- Problem -
Using the listing below, give again exactly the lines from the line with "الشريفيين الملك عبدالله" to the line with "VACUUM CLEANER CR 7045", inclusive, without the pictures.

- The data -
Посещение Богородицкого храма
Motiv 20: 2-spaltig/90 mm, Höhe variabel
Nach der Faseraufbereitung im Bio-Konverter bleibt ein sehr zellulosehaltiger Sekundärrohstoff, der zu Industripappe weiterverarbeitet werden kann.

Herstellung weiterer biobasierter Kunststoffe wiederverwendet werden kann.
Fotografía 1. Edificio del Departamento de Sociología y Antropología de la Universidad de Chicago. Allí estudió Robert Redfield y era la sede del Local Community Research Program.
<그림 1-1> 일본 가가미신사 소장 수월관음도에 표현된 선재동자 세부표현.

--

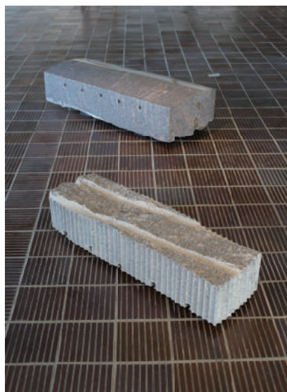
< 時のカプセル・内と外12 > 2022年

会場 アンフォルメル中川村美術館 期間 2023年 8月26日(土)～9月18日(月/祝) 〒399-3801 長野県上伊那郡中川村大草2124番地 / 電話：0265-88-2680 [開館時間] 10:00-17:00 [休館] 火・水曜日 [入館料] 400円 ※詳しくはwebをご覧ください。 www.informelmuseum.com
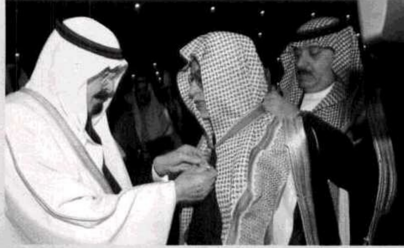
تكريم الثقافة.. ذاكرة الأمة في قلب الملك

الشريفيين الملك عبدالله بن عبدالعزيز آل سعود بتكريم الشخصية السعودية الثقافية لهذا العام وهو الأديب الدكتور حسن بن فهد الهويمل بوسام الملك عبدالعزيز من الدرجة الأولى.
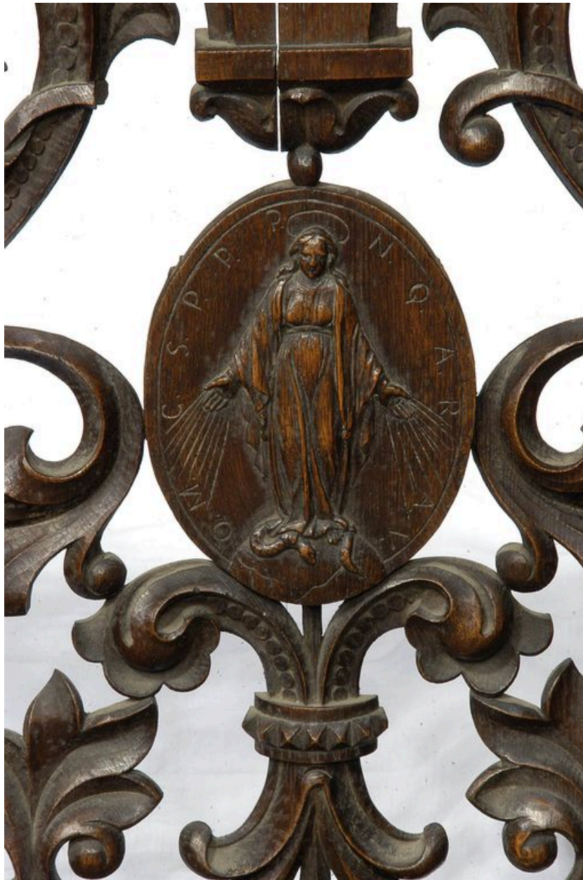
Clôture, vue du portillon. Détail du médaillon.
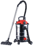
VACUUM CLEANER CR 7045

* * *

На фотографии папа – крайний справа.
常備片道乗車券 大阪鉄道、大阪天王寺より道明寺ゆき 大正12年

- Exercise output -
الشريفيين الملك عبدالله بن عبدالعزيز آل سعود بتكريم الشخصية السعودية الثقافية لهذا العام وهو الأديب الدكتور حسن بن فهد الهويمل بوسام الملك عبدالعزيز من الدرجة الأولى.
Clôture, vue du portillon. Détail du médaillon.
VACUUM CLEANER CR 7045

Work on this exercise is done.